Dengue outbreaks have been reported in communities along the
Mexico--US border since 1980 (1); however, during
1987--July 1999, no cases were reported from Laredo, Texas (1999 population: 162,000). During
January--July 1999, approximately 300--325 dengue cases were reported from Nuevo
Laredo, Tamaulipas, Mexico (1999 population: 274,000), a city across the Rio Grande
from Laredo. To determine whether undiagnosed or unreported dengue cases had
occurred in Laredo, the Texas Department of Health (TDH) reviewed medical records from
five Laredo health facilities (the two city hospitals and the three largest of five
community clinics). This report summarizes the findings of the review, which indicated that
during July 23--August 20, 1999, 50% of suspected case-patients had undiagnosed
dengue infection. Recognition of the diagnosis of dengue can be improved through
heightened surveillance, professional and public education, and prompt reporting of cases by
the health-care providers to local or state health departments.

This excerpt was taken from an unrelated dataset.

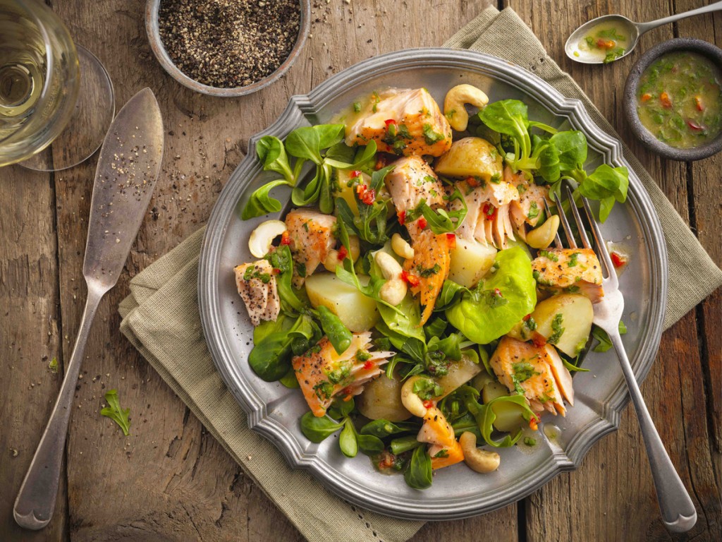 - Make a dressing by whisking together the oil, ginger, chilli, lemongrass paste, coriander, honey and lemon juice. Break up the salmon fillets into bite-sized chunks and arrange on two plates with the salad leaves and new potatoes. Scatter over the nuts and spoon over the dressing.

Medical records were reviewed for all patients who presented to one of the
five facilities with fever, arthralgias, myalgias, rash, or headache during July
23--August 20. A case of dengue was suspected in a person aged
>5 years with a temperature of
>101 F (>38.3 C) and rash of any duration or fever for
>3 days without cough or diarrhea. During August
20--October 31, blood was drawn from suspected
dengue case-patients and serum samples were tested for antidengue IgG and dengue
IgM antibodies at the TDH laboratory. A confirmed case of recent dengue was defined as
a positive IgM test or a fourfold or greater increase in the IgG antibody titer
between acute- and convalescent-phase serum samples.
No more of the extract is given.